Could anyone suggest how, in C#, to implement compression and noise reduction? I do not mind using a third party library as long as it is free (LGPL license, etc) and can be utilized from C#. However, I would prefer actual working source code examples. Thanks in advance for any suggestion you have.

UPDATE:

I changed the bit size from 8 bit audio to 16 bit audio and the noise problem is fixed. Apprarently 8 bit audio from mic had too low signal-to-noise ratio. Voice sounds great at 11khz, 16 bit mono.

The requirements of this project have changed since I posted this, however. We are now trying to add video as well. I have a callback setup that receives live images every 100ms from a webcam. I need to encode the audio and video, mux them, transmit them on my socket to the server, the server re-transmits the stream to the other client, which receives the stream, demuxes the stream and decodes the audio and video, displays the video in a picture box and outputs the audio to the speaker.

I am looking at ffmpeg to help out with the (de|en)coding/[de]muxing, and I am also looking at SharpFFmpeg as a C# interop library to ffmpeg.

I cannot find any good examples of doing this. I have scoured the Internet all week, with no real luck. Any help you can provide is much appreciated!
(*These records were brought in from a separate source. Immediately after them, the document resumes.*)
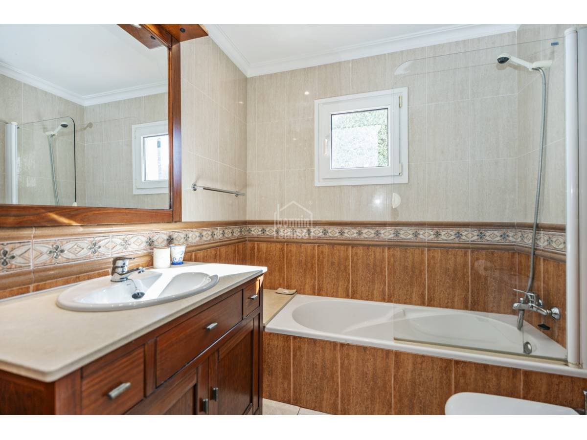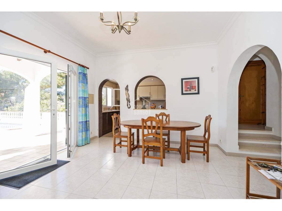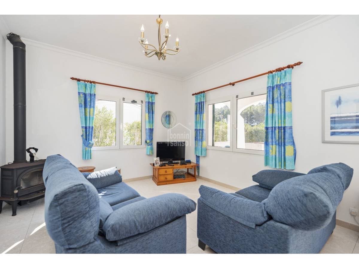 Exclusively listed, this charming villa in Son Parc combines comfort, space and a privileged setting. Arranged entirely on one level, it offers a practical and comfortable lifestyle, ideal as a permanent residence or a holiday home. The house features three bedrooms and two bathrooms, thoughtfully designed to ensure everyday comfort. The spacious living and dining area with fireplace forms the heart of the home, creating a warm and inviting atmosphere. The large, separate kitchen is both practical and bright. The exterior areas are designed for enjoying the Mediterranean lifestyle, featuring a pleasant terrace, private swimming pool and a well-kept garden, ideal for relaxing and entertaining. The property also includes a garage, providing convenience and additional storage space. Thanks to its excellent orientation, the house benefits from abundant natural light throughout the day, enhancing the sense of space and wellbeing. Located in a quiet and highly sought-after area, it is within a short distance of the golf course, beautiful beaches and the port of Addaya, offering an ideal balance between nature, leisure and amenities. An excellent opportunity to acquire a property in one of Menorca's most desirable locations.
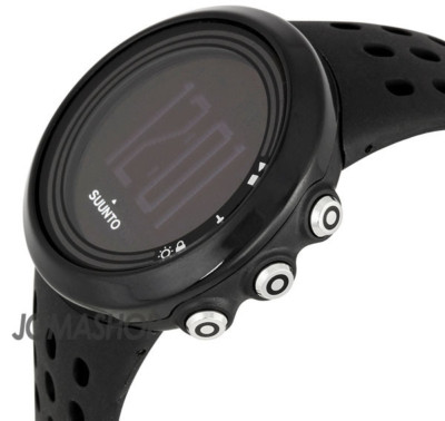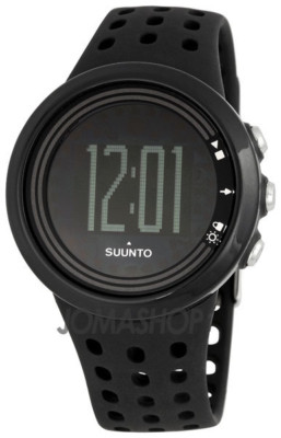 Plastic case with a black polyurethane bracelet. Fixed bezel. Digital dial. Day-date-month-and year. Quartz movement. Scratch resistant acrylic crystal. Case diameter: 32 mm. Case thickness: 13 mm. Tang clasp. Water resistant at 30 meters/ 100 feet. Functions: hours, minutes, seconds, alarm, day of the week, start-up fitness test (to determine you fitness level) exercise plan, guided exercise and exercise summary displaying: start time and date of exercise, percentage of target completed, duration of exercise, calories burned, average heart-rate, and maximum heart-rate. also displays history and trend.. Suunto Mens All Black Sport Watch M5M. | |
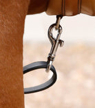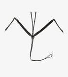 Italian leather jumping breastplate with running martingale attachment (removable) Elasticated sides provide increased comfort and less restriction Attaches to girth (with or without clip) and D-rings Adjustable using buckles at girth and D-rings Two additional D-rings on chest strap for lowering the martingale piece or attaching training aids High quality stitching Stainless steel buckles, clips and fixtures
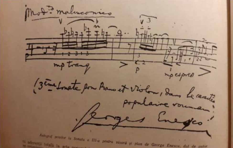 Pentru o asemenea capodoperă constați imediat că sînt mult mai puține versiuni autografe păstrate (nu doar la Muzeu: peste tot unde sînt manuscrise muzicale Enescu) decît în cazuri similare. Deschizi apoi fabulosul studiu al regretatei Speranța Rădulescu, „Caractère spécifique roumain dans le langage harmonique de la IIIe Sonate pour piano et violon de Georges Enesco“, din Enesciana II-III (1981): Georges Enesco – musician complexe, Centre d’études « Georges Enesco », Bucharest: Editura Muzicală, 1981, pp. 75-94, cu toate acele comparații din muzica populară (cum e „Cunosc c-am îmbătrînit“, cules la Runcu-Gorj în 1966), dar toate exemplificările din Enescu sînt tipic deja din partitura transcrisă/tipărită, nu din manuscrise. Nimic aici, să mergem mai înapoi. Știm bine că Enescu obișnuia să dedice și semneze cîte un fragment de operă muzicală – cîteva măsuri îndeobște, deloc cu fără indicații complete – unor prieteni muzicieni colaboratori. Incipitul de partitură pe care îl semnalez aici nu este o astfel de dedicație. O astfel de dedicație cu chiar Sonata a III-a apare însă la Tudor Ciortea, în analiza sa la „Sonata a III-a pentru vioară și pian de George Enescu“, Muzica 5 (1955), no. 5 (Mai): Număr închinat lui George Enescu, pp. 37-44 (aici 44), rarul număr oferit publicului în chiar luna morții lui Enescu. Se pot observa cu ușurință diferențele: e un simplu autograf, cum nu e partitura cu ștampila Drăghici.
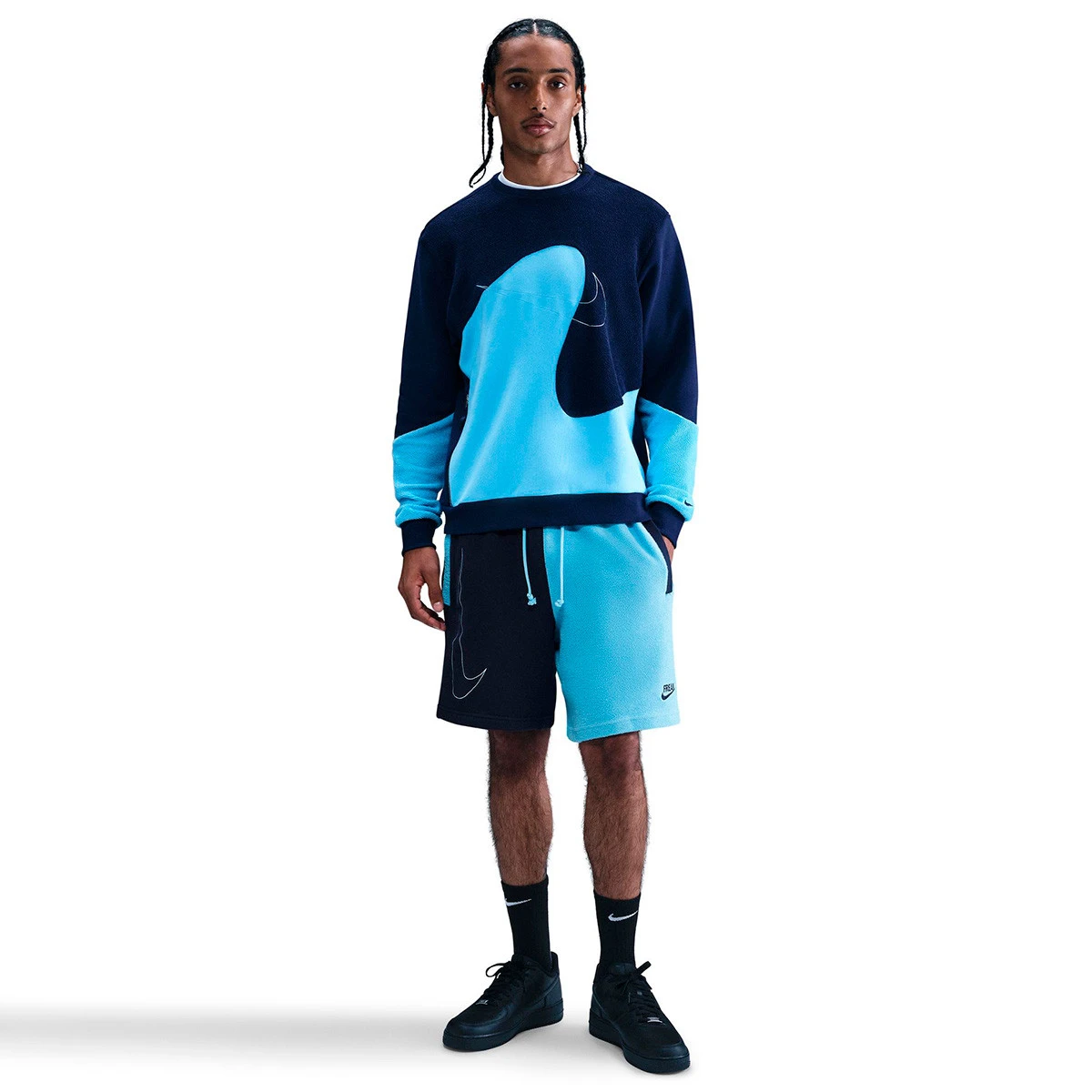 Mi-Giannis, mi-Freak. Accepte ta dualité avec ce short décontracté au look bicolore. Ce vêtement est conçu en tissu French terry à bouclette douce et respirante, avec une texture différente de chaque côté.
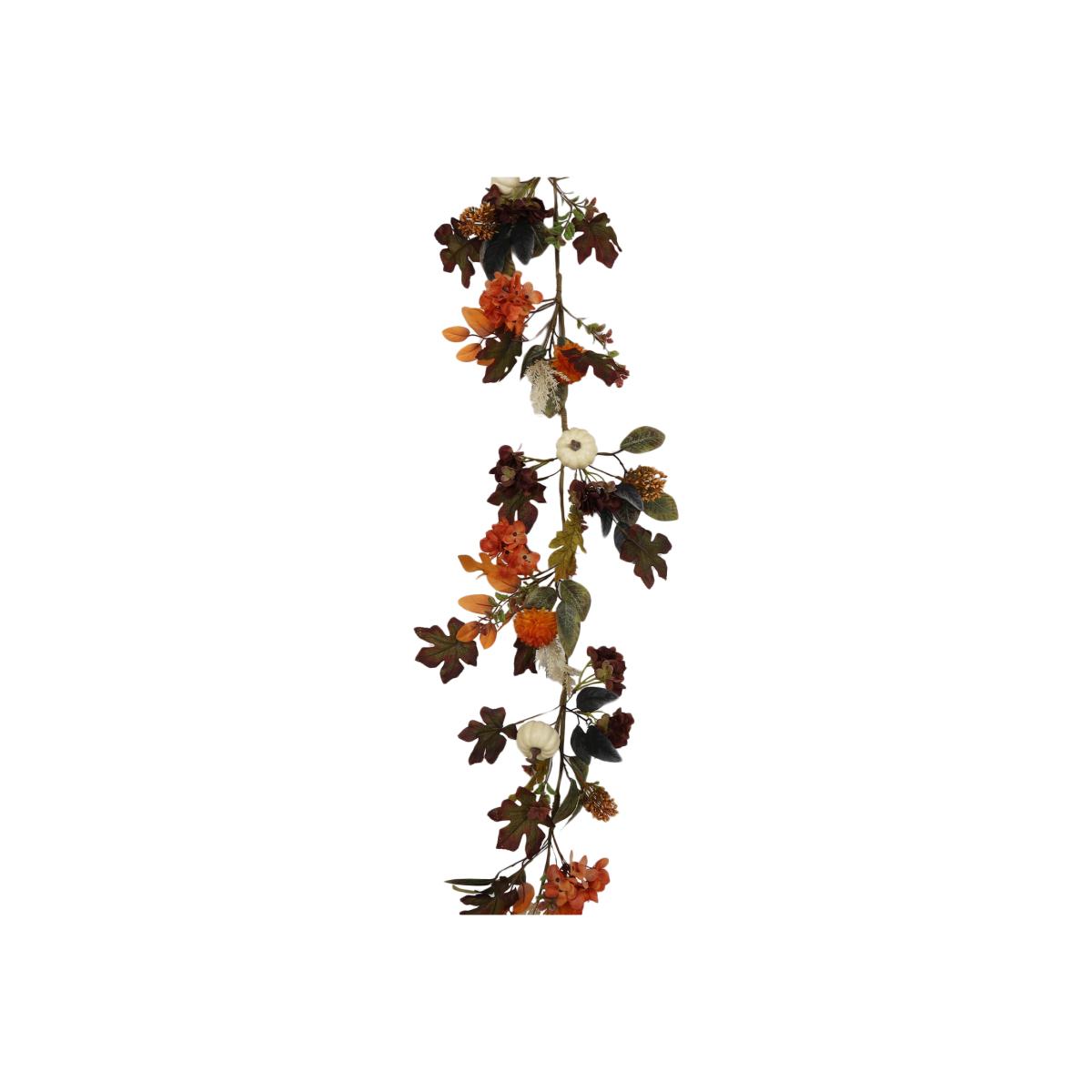 Add an eye-catching, autumnal atmosphere to your home with the help of this Autumnal Harvest Floral Garland. It features natural-looking leaves accented with mini pumpkins to bring a true sense of autumn to your interior. Excellent for adding to shelves or simply hanging up as a cute decoration, this garland will add a charming, rustic feel to your home.

Here's some code, including my call back function for the mic recording:

        private const int AUDIO_FREQ = 11025;
        private const int CHANNELS = 1;
        private const int BITS = 16;
        private const int BYTES_PER_SEC = AUDIO_FREQ * CHANNELS * (BITS / 8);
        private const int BLOCKS_PER_SEC = 40;
        private const int BUFFER_SECS = 1;
        private const int BUF_SIZE = ((int)(BYTES_PER_SEC / BLOCKS_PER_SEC * BUFFER_SECS / 2)) * 2; // rounded to nearest EVEN number

        private WaveLib.WaveOutPlayer m_Player;
        private WaveLib.WaveInRecorder m_Recorder;
        private WaveLib.FifoStream m_Fifo;

        WebCam MyWebCam;

        public void OnPickupHeadset()
        {
            stopRingTone();
            m_Fifo = new WaveLib.FifoStream();

            WaveLib.WaveFormat fmt = new WaveLib.WaveFormat(AUDIO_FREQ, BITS, CHANNELS);
            m_Player = new WaveLib.WaveOutPlayer(-1, fmt, BUF_SIZE, BLOCKS_PER_SEC,
                            new WaveLib.BufferFillEventHandler(PlayerCB));
            m_Recorder = new WaveLib.WaveInRecorder(-1, fmt, BUF_SIZE, BLOCKS_PER_SEC,
                            new WaveLib.BufferDoneEventHandler(RecorderCB));

            MyWebCam = null;
            try
            {
                MyWebCam = new WebCam();                
                MyWebCam.InitializeWebCam(ref pbMyPhoto, pbPhoto.Width, pbPhoto.Height);
                MyWebCam.Start();
            }
            catch { }

        }

        private byte[] m_PlayBuffer;
        private void PlayerCB(IntPtr data, int size)
        {
            try
            {
                if (m_PlayBuffer == null || m_PlayBuffer.Length != size)
                    m_PlayBuffer = new byte[size];

                if (m_Fifo.Length >= size)
                {
                    m_Fifo.Read(m_PlayBuffer, 0, size);
                }
                else
                {
                    // Read what we can 
                    int fifoLength = (int)m_Fifo.Length;
                    m_Fifo.Read(m_PlayBuffer, 0, fifoLength);

                    // Zero out rest of buffer
                    for (int i = fifoLength; i < m_PlayBuffer.Length; i++)
                        m_PlayBuffer[i] = 0;                        
                }

                // Return the play buffer
                Marshal.Copy(m_PlayBuffer, 0, data, size);
            }
            catch { }
        }


        private byte[] m_RecBuffer;
        private void RecorderCB(IntPtr data, int size)
        {
            try
            {
                if (m_RecBuffer == null || m_RecBuffer.Length != size)
                    m_RecBuffer = new byte[size];
                Marshal.Copy(data, m_RecBuffer, 0, size);

                // HERE'S WHERE I WOULD ENCODE THE AUDIO IF I KNEW HOW

                // Send data to server
                if (theForm.CallClient != null)
                {
                    SocketAsyncEventArgs args = new SocketAsyncEventArgs();
                    args.SetBuffer(m_RecBuffer, 0, m_RecBuffer.Length);
                    theForm.CallClient.SendAsync(args);
                }
            }
            catch { }
        }

        //Called from network stack when data received from server (other client)
        public void PlayBuffer(byte[] buffer, int length)
        {
            try
            {
                //HERE'S WHERE I WOULD DECODE THE AUDIO IF I KNEW HOW

                m_Fifo.Write(buffer, 0, length); 
            }
            catch { }
        }

So where should I go from here?

回答1:

Your goals here are kind of mutually exclusive. The reason your 11025Hz/8bit/Mono WAV files sound noisy (with a tremendous amount of "hiss") is because of their low sample rate and bit resolution (44100Hz/16bit/Stereo is the standard for CD-quality audio).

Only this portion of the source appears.